(Data provided begins)

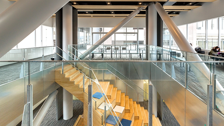 学園創立70周年の記念事業で建設された新4号館は、「透明なコアとピン柱」の組み合わせで地上6階までの層を支える構造を特徴としています。学習活動をはじめ、多彩な交流とコミュニケーションが生まれる拠点であり、キャンパスのアクティビティとインフラの中核として機能しています。また、学校建築・設計の第一人者として有名なシーラカンスアンドアソシエイツのプロジェクトとしても注目されています。
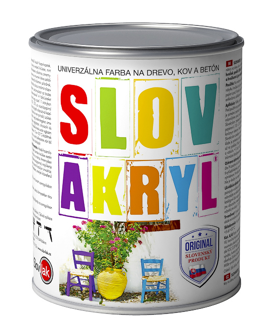 Slovakryl je univerzální vodou ředitelná barva na dřevo, kov a beton, vhodná pro domácí užití, výrobu různých dekorací, ale i pro profesionály. Kromě kamene, dřeva, kovu a betonu ji využijete i na nátěry omítek, dřevotřísky, papíru a kartonu. Je vhodná i na dětský nábytek a hračky. Vyrábí Slovlak v široké barevné škále 30 odstínů.
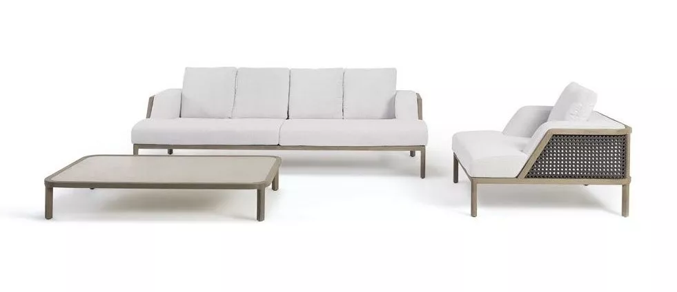 Die Kollektion Grand Life wurde für große und repräsentative Außenbereiche konzipiert. Das natürliche oder gebeizte Teakholz mit Metallkern ist mit großen Kissen überzogen, die Ihnen einen ausgezeichneten Komfort bieten. Die weichen Kissen aus einem Softtouchstoff sind speziell für den Außenbereich geeignet. Die vom klassischen Wiener Strohhalm inspirierte Webart besteht aus einem synthetischen Material, das eine hervorragende Beständigkeit gegen UV-Strahlen und Abrieb bieten.

(Data provided ends)

> **Your instructions**
Nothing but the lines from the first line of the listing above to the line containing "Slovakryl je univerzální" should appear in the answer, each one exact and with no pictures.

> **Finished task**
 学園創立70周年の記念事業で建設された新4号館は、「透明なコアとピン柱」の組み合わせで地上6階までの層を支える構造を特徴としています。学習活動をはじめ、多彩な交流とコミュニケーションが生まれる拠点であり、キャンパスのアクティビティとインフラの中核として機能しています。また、学校建築・設計の第一人者として有名なシーラカンスアンドアソシエイツのプロジェクトとしても注目されています。
 Slovakryl je univerzální vodou ředitelná barva na dřevo, kov a beton, vhodná pro domácí užití, výrobu různých dekorací, ale i pro profesionály. Kromě kamene, dřeva, kovu a betonu ji využijete i na nátěry omítek, dřevotřísky, papíru a kartonu. Je vhodná i na dětský nábytek a hračky. Vyrábí Slovlak v široké barevné škále 30 odstínů.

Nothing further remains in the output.